Consider a Hydrogen atom described by Schrödinger's Equation SE in radiative equilibrium with light of a certain frequency $\nu$ described by Maxwell's equations as an electromagnetic wave. This means that there is a gap $\Delta E$ in the distribution of eigenvalues $E$ or spectrum such that $\Delta E =h\nu$ with $h$ a scaling factor, in classical literature named Plank's constant.
The SE for Hydrogen is a partial differential equation of classical continuum form in terms of a wave function which changes continuously in space and time during the process of establishing and maintaining radiation at the resonance frequency $\nu$. The energy gap $\Delta E$ scales with the frequency $\nu$ over the spectrum.

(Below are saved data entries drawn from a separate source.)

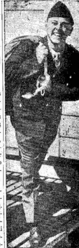
Pagarsėjęs Holivudo artistas Mickey Rooney paimtas į kariuomenę. Čia jis matomas po užsilvinkimo kariškų drabužių.

Iki 60 metų amžiaus visos liaukos turi eiti deramai pareigas, sako mokslininkas. Jis net daleidžia, kad nekurie žmonės gali gyventi 150 metų. Tai jau nepaprastai tvirtu subudavojimo žmonės. Bet 90 metų, tai turėtų būti bendras amžius. Jis turi formulą kaip gaminti tą „serumą“, kuriam duotas vardas „ACS“. Šisai vaistas gerai veikia celių pagaivinimui. Daugelį ligų su juo galima gydyti. Tačiau nei kiek nepadaeda tokiom ligom, kaip cukrinė, vėžys, širdies nu-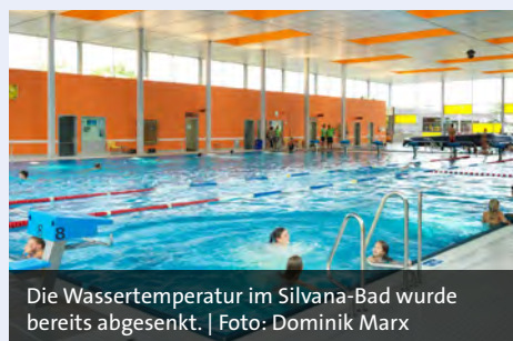
Die Wassertemperatur im Silvana-Bad wurde bereits abgesenkt. | Foto: Dominik Marx

Sollte es wirklich einmal einen Engpass geben, existieren dafür verschiedene Notfallkonzepte. Bei der Gasversorgung ist durch die Bundesnetzagentur geregelt, dass Haushaltskunden sowie Strom- und Wasserversorger oder Alten- und Pflegeheime besonders geschützt sind. Dezentral ist dagegen das Vorgehen bei einer Strommangellage geregelt: Stromversorger oder größere Verbraucher, auch Krankenhäuser, verfügen über eigene Notfallkonzepte. So müssen zum Beispiel die Stadtwerke als Netzbetreiber in erster Linie auf die Netzstabilität achten.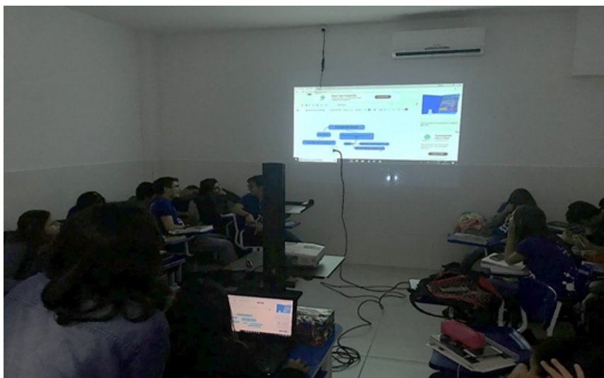
Figura 5. Inserção de informações no Mapa Mental Colaborativo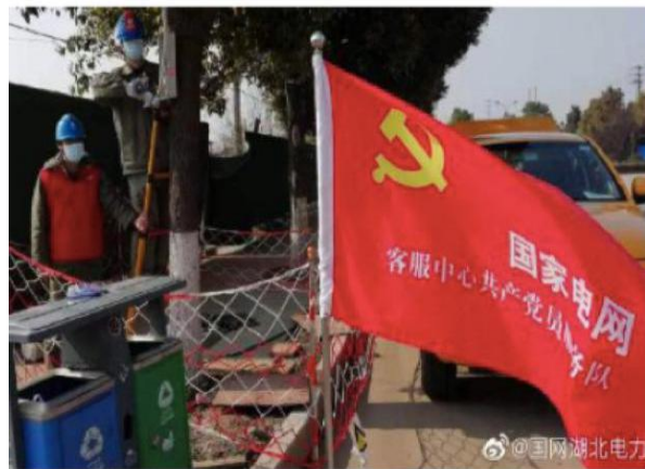
图 5 荆州电力人坚守奋战一线

国网湖北电力： 荆州的疫情防控形势严峻，保电工作尤为重要。湖北电力人持续坚守，面对疫情，不畏艰难，坚守岗位，巡视线路、紧急检修抢修，保障全市人民供电，紧急为战时医院、防疫点解决照明问题，对政府、定点医院、疾控中心等重要场所的线路和用电设备进行特巡和上门服务，为打赢防疫攻坚战提供了可靠的供电保障，为荆州人民守卫光明，守卫希望。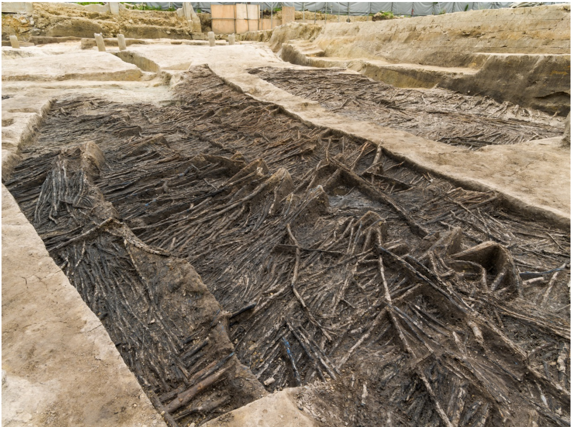
調査区東南部の敷粗朶（北東から）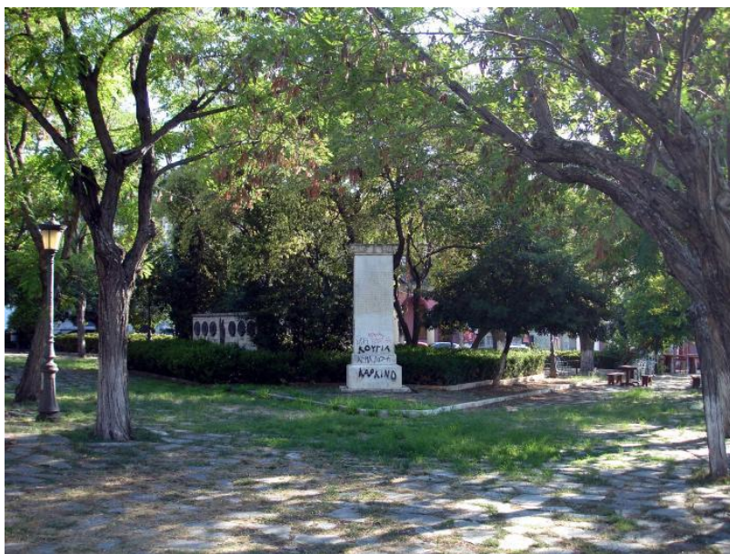
Εικόνα 16.Πλατεία Αγίου Γεωργίου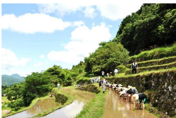
両合棚田の田植え風景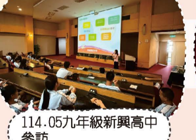
114.05九年級新興高中參訪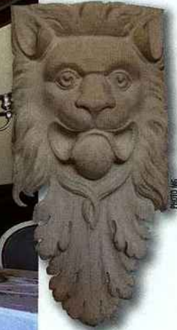
Les lions de la cheminée du grand salon veillent sur les hôtes des lieux.

What is discrete is the spectrum, just as in classical continuum mechanics, while wave functions are continuous and do not take any discrete "jumps" in state/energy.
Conclusion: The Schrödinger's Equation SE for a Hydrogen atom takes the form of classical continuum mechanics. QM for a Hydrogen atom is classical continuum physics. No need for quantisation. The fact that the spectrum is discrete is not evidence that any non-classical process of quantisation is really needed. See also this post.
chatGPT: Maxwell + Schrödinger looks good:
Treat the atom quantum mechanically (Schrödinger equation).
Treat the radiation as a classical wave (Maxwell).
That explains a lot: absorption spectra, stimulated emission, radiative equilibrium, Rabi oscillations.
Everything looks continuous.
This model works surprisingly well in many normal conditions.
end chatGPT
But a modern theoretical physicist is not happy with normality of classical continuum physics as description of the basic problem of atom physics of a radiating atom, because it is not modern new physics. And so the modern physicist goes on to confront the radiating atom as classical continuum physics with some extreme circumstances such as very very weak forcing so weak that the continuity breaks down. Like running your car engine with only a very weak slow irregular ignition making the engine start to malfunction. This is called appeal to extremes often used in debate.
By focussing on some extreme case, the classical model covering the normal case can be downplayed as "wrong" even if it works fine, to prepare the way for some new bold modern theory, which is more "fundamentally correct". In this way all the victories of the classic theory for all normal cases can be cashed in for the new theory to which can then be added anything extreme even if vague.
This is what is done when General Relativity replaces Newton's theory of gravitation as being more "fundamentally correct". Or when QFT replaces QM which replaces Schrödinger+Maxwell. More and more extreme to downplay the normal.
So can unsuccessful explanation of something normal within classical continuum mechanics, be covered up by focussing the interest onto something more fundamental and extreme, and the possibility of a classical explanation can be missed, as that of RealQM.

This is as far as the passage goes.